Metric 2-drug mechanism_prior Path A clonal coverage
Arity 2 only Any (1/2/3/4/…)
Math Max-aggregate axis coverage Bliss-IDA aggregate clone coverage
Entity model Flat drug-axis × patient-axis matrix Explicit clonal decomposition
Interpretability Per-axis coverage breakdown Per-clone coverage breakdown
FLT3-mut precision-combo signal ✓ (Week 4) ✓ (E2 delta +0.20)
Scales to triplets ✓ (E3/E4)
Scales with clonal complexity ✓ (E4 ρ=+0.67)
Matches canonical clinical triplets ✓ (E2 AZA+Ven+Gilt top score)

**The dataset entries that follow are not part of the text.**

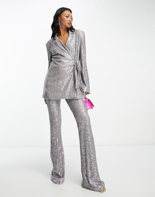 ASOS DESIGN Mix & Match jersey sequin suit in gunmetal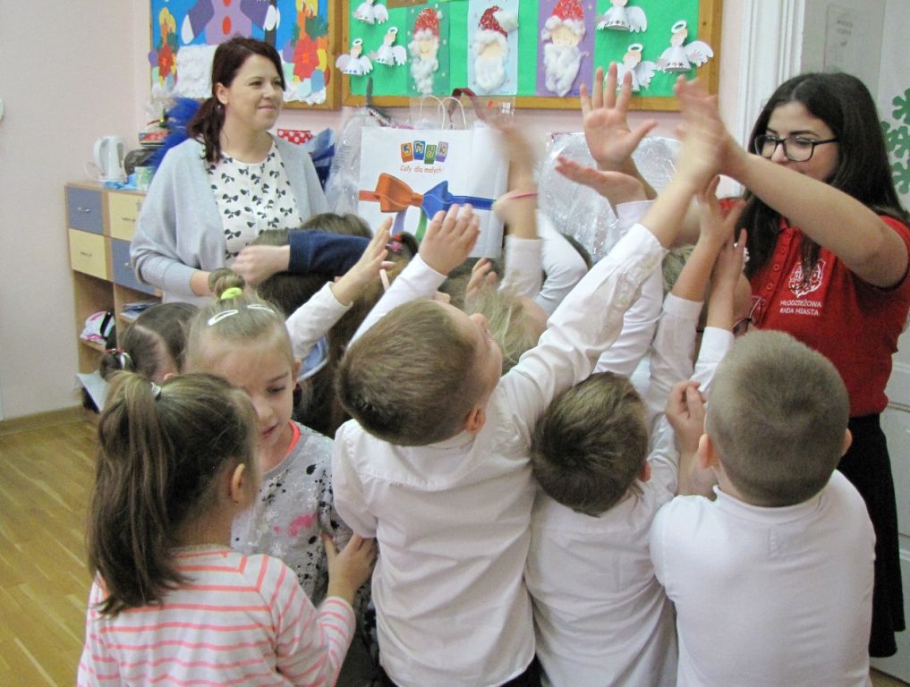 Dzisiaj klasa, która została zwycięzcą facebookowego konkursu bożonarodzeniowego „Klasowe drzewko świąteczne" została nagrodzona przez przedstawicieli Młodzieżowej Rady Miasta.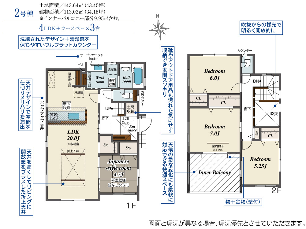 | 建物面積 | 113.02m2(約34.18坪) | 土地面積 | 143.64m2(約43.45坪) |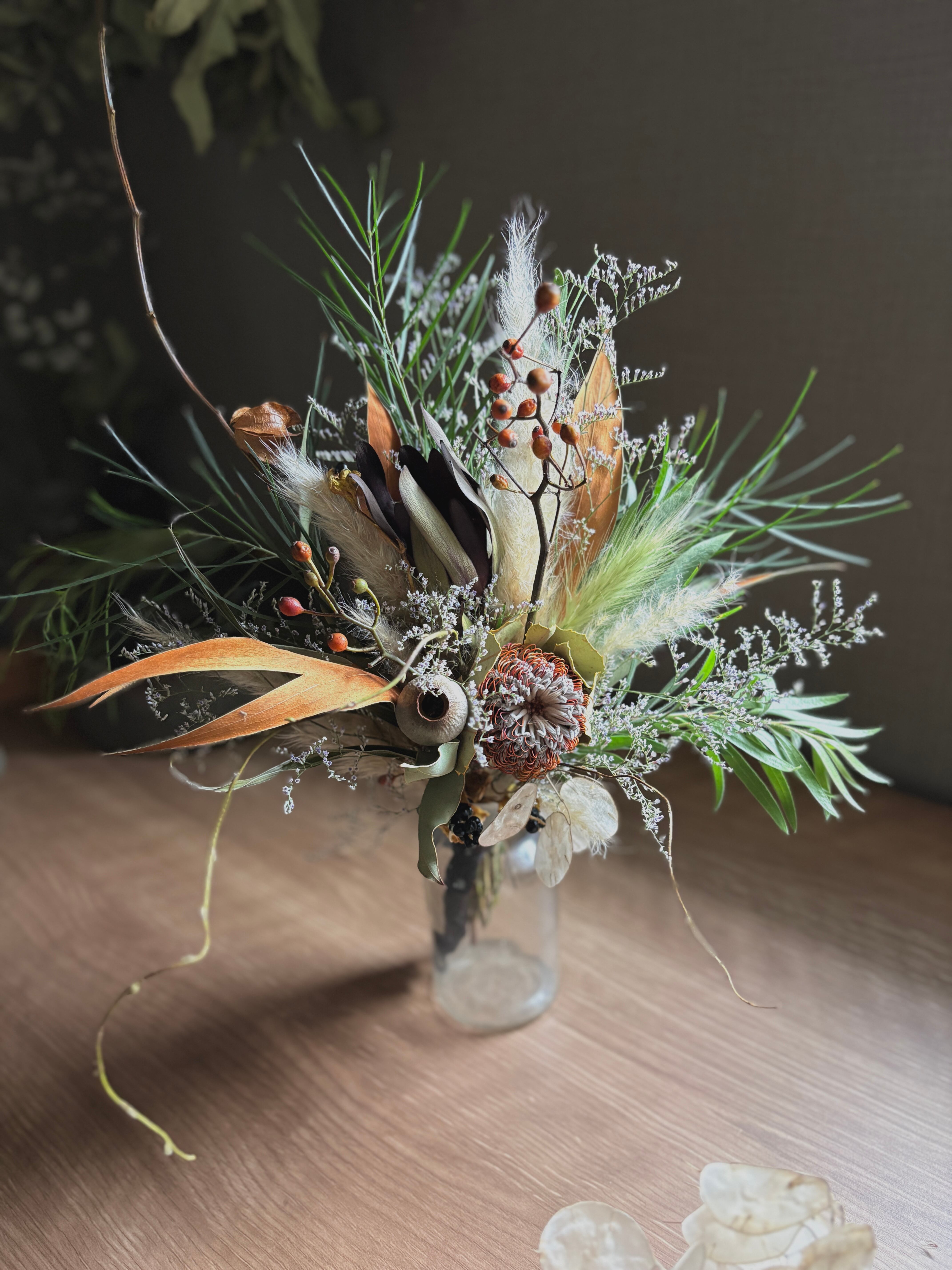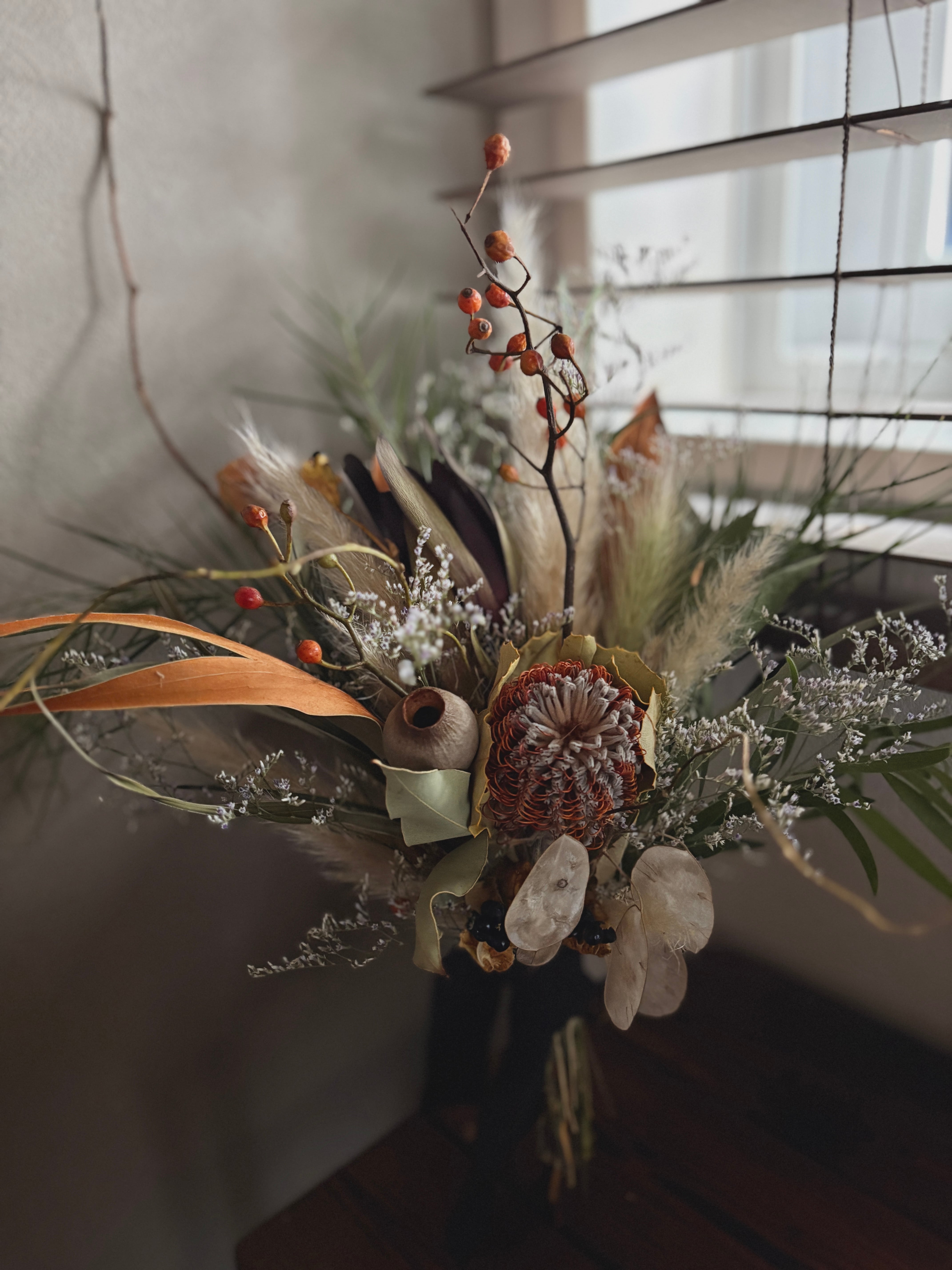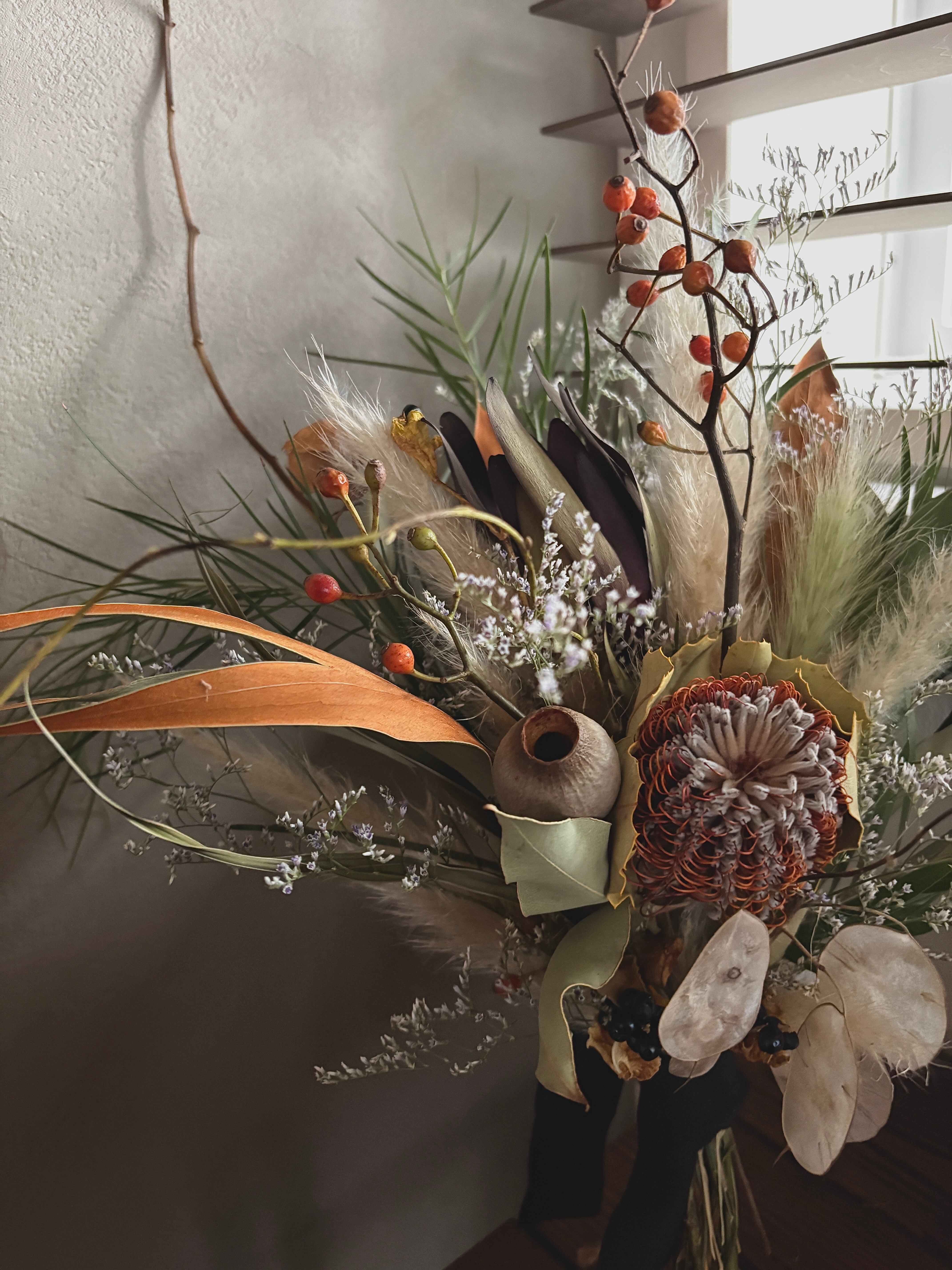 バンクシアと温もりのある柔らかなパンパスグラスを束ねました。ベルガムナッツやグレビレアゴールド、リューカデンドロン、季節の実などと合わせ暖かい秋のスワッグにしました。

Path A generalizes the 2-drug mechanism prior into an explicit IDA framework with an arity-agnostic formula.


6. Outputs

runs/path_a/
├── patient_clones.csv                 # 613 × 9 — clone presence × weight per patient
├── drug_clone_coverage.csv            # 20 × 9 — how each drug covers each clone
├── E3_arity_scaling.csv               # per-patient best-score by arity 1..4
├── E4_clone_count_vs_gain.csv         # per-patient driver-count + gain values
├── E5_coverage_vs_ida.csv             # (regimen × patient) path-A vs baseline-IDA
├── E6_flt3_cases.csv                  # case-study FLT3-mut patients + mut profile
└── validation_summary.json            # structured all-experiments report

7. What this enables downstream

  1. Kit extensioncompute_combo_mech_scores can be swapped for score_all_combos_for_patient in combo_predictor.py and kit_predict.py, with the arity argument exposed to the clinical operator.
  2. Comparison to Paths B/C/D — these run under the fork; when results land, compare head-to-head on the same FLT3-mut cohort using the same regimen database as E2.
  3. Clonal refinement — add RNA-signature-based clone detection (e.g., LSC17 for LSC-compartment, GSVA scores for BCL2 dependency) to enrich the decomposition beyond mutations.

8. Tests

tests/test_clonal_coverage.py15/15 pass:

Full repo suite: 101 pass (was 86 + 15 path-A tests).